Для начала поместите предметное стекло, содержащее матрицу, осажденные семенные срезы, в масс-спектрометр. Загрузите образец изображения и с помощью корректирующих отметок пером установите точки обучения в программном обеспечении, на которое вы ссылаетесь. Затем установите коэффициент уменьшения данных 99%, сохраните файл FID для последующей калибровки данных и сохраните метод.
Определите границу анализируемой области с помощью инструмента Добавить область измерения полигона из программного обеспечения масс-спектрометра. Установите ширину растра равной 100 микрометрам. Отредактируйте параметры области измерения с указанием сохраненного метода и сохраните прогон изображения.
Затем начните получение изображений. Используйте матричный кластер и известные загрязнители для создания массового списка в программном обеспечении на вкладке calibrant. Затем во вкладке калибровки откройте созданный список масс.

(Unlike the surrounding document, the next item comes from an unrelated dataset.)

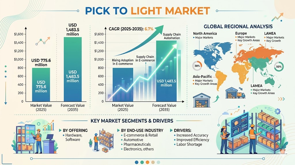 NEWARK, DE, UNITED STATES, March 30, 2026 /EINPresswire.com/ -- The global Pick to Light Market is witnessing strong, data-driven expansion, supported by rapid e-commerce growth and increasing demand for high-precision order fulfillment systems. The market is valued at USD 775.6 million in 2025 and is projected to reach USD 1,483.5 million by 2035, registering a CAGR of 6.7% over the forecast period. This represents an absolute growth of USD 707.9 million, highlighting the critical role of visual-guided picking technologies in modern logistics.

Щелкните правой кнопкой мыши, чтобы открыть диалоговое окно, и выберите параметр «Установить массы блокировки». Выберите режим гауссова окна с расширением на 0,5 Гаусса и расширением на 3,5 строки. Не проверяйте онлайн-калибровку.
Установите режим на одинарный, пороговое значение 1000 и допуск по массе на пять ppm. Откалибруйте данные вместе с процессом и сохраните инструмент набора 2D-последовательных наборов данных. После калибровки откройте файл dot MIS в совместимом программном обеспечении и измените нормализацию с отсутствия нормы на RMS или TIC.
Перейдите на вкладку редактирования и выберите автоматическую массовую фильтрацию. Заполните начальную массу и конечную массу минимальным и максимальным количеством Далтонов на вашем пороге интереса и нажмите на иконку OK. Выберите выделенный пик интереса в отфильтрованном списке, сгенерированный с числом, соответствующим массовому значению интереса в Дальтоне.
Измените процентное соотношение, чтобы лучше видеть интересующую область. Нажмите на шкалу интенсивности и значки цветовой карты. Щелкните по области изображения и перетащите курсор мыши, чтобы расположить интересующую область.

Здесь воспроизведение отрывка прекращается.